Industry regulators play an essential role in ensuring the safe and effective adoption of AI in critical oil and gas operations. Clear guidelines that define robust cybersecurity measures, data management practices and model validation protocols are vital. By establishing standards that require centralised, secure and accessible data infrastructures, regulators can accelerate model building and rollout of AI functionalities while minimising vulnerabilities caused by fragmented or siloed data sources.
Furthermore, fostering collaboration among technology providers, operational experts and end-users is key to developing best practices that address the unique challenges of integrating AI with legacy systems. This co-operative approach can help mitigate risks associated with technical debt and the complexities of merging AI with existing operational technology environments.
Ultimately, a proactive regulatory framework that emphasises security, transparency and collaboration will not only minimise risks but also drive innovation. By setting these benchmarks, regulators can enable the industry to confidently harness AI to optimise operations, enhance safety and maintain operational resilience in an increasingly complex landscape.

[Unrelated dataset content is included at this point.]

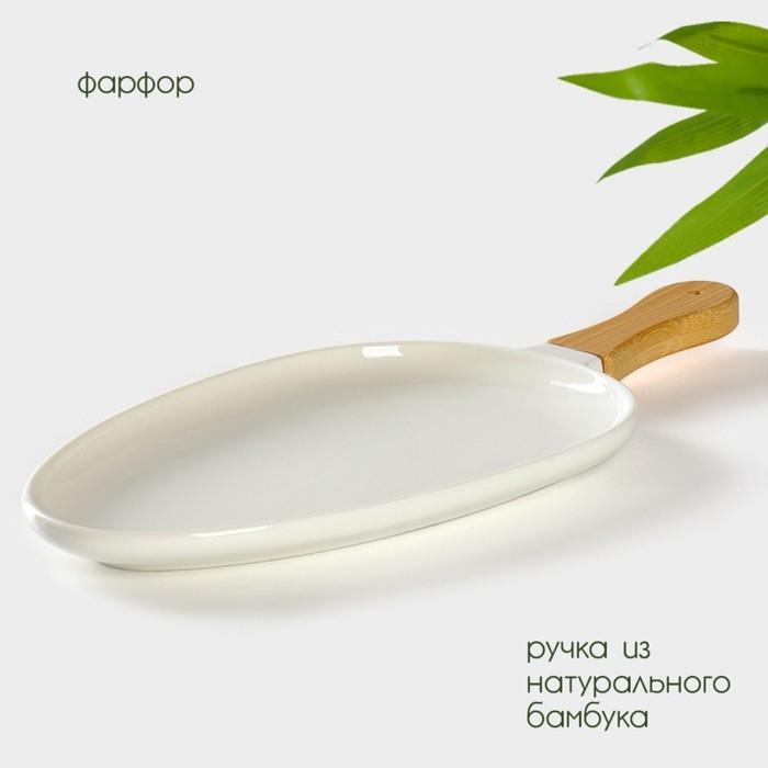 Блюдо фарфоровое для подачи с бамбуковой ручкой BellaTenero, 36,5×16×2 см, цвет белый

What’s next for AspenTech?
At AspenTech, our focus remains on delivering breakthrough value through innovation and operational excellence. We’re doubling down on our industrial AI and data fabric strategies to seamlessly integrate IT and OT, ensuring that our customers benefit from secure, context-rich data that drives smarter, real-time decisions.
In line with this, we will continue to focus on driving customer value with tangible ROI. That means combining AI with first principles engineering and domain expertise to address challenges such as feedstock volatility, demand changes and sustainability goals.
Equally, it involves enhancing user experience for example, leveraging Generative AI to solve the ‘blank page’ problem, providing a first draft to edit and iterate. Finally, it means automating routine tasks to free up engineers for more critical activities. This provides the potential to improve productivity and accuracy, from model development to decision-making.